##### EXCERPTED RECORDS #####
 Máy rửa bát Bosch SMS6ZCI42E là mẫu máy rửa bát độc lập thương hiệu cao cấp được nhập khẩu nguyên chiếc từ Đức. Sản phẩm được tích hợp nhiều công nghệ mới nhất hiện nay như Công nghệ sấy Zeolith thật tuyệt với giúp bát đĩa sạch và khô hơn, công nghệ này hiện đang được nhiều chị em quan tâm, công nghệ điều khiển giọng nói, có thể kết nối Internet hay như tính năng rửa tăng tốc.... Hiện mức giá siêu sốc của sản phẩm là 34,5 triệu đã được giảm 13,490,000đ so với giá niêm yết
#####
##### EXCERPTED RECORDS #####
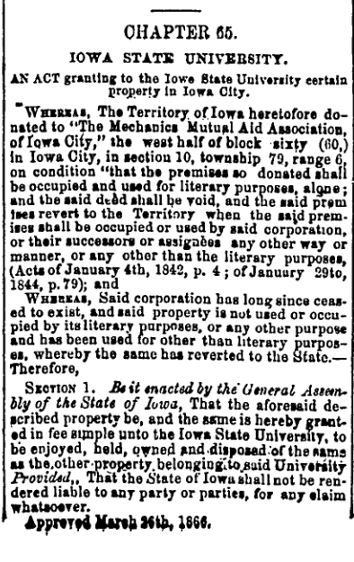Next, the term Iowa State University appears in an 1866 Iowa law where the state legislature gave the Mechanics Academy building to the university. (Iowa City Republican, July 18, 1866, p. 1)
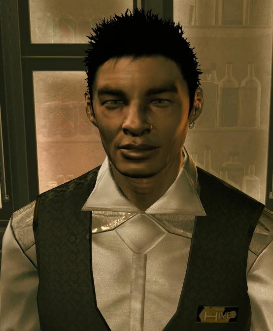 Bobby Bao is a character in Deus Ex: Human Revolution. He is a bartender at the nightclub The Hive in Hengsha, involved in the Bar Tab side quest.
#####
##### EXCERPTED RECORDS #####
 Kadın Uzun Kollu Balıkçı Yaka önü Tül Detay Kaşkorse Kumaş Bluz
#####
→ TO DO
Take the material above from the line bearing "Next, the term" through the line bearing "Bobby Bao is" and write it out exactly, both end lines included. Pictures stay out.

→ WRITTEN RESPONSE
Next, the term Iowa State University appears in an 1866 Iowa law where the state legislature gave the Mechanics Academy building to the university. (Iowa City Republican, July 18, 1866, p. 1)
 Bobby Bao is a character in Deus Ex: Human Revolution. He is a bartender at the nightclub The Hive in Hengsha, involved in the Bar Tab side quest.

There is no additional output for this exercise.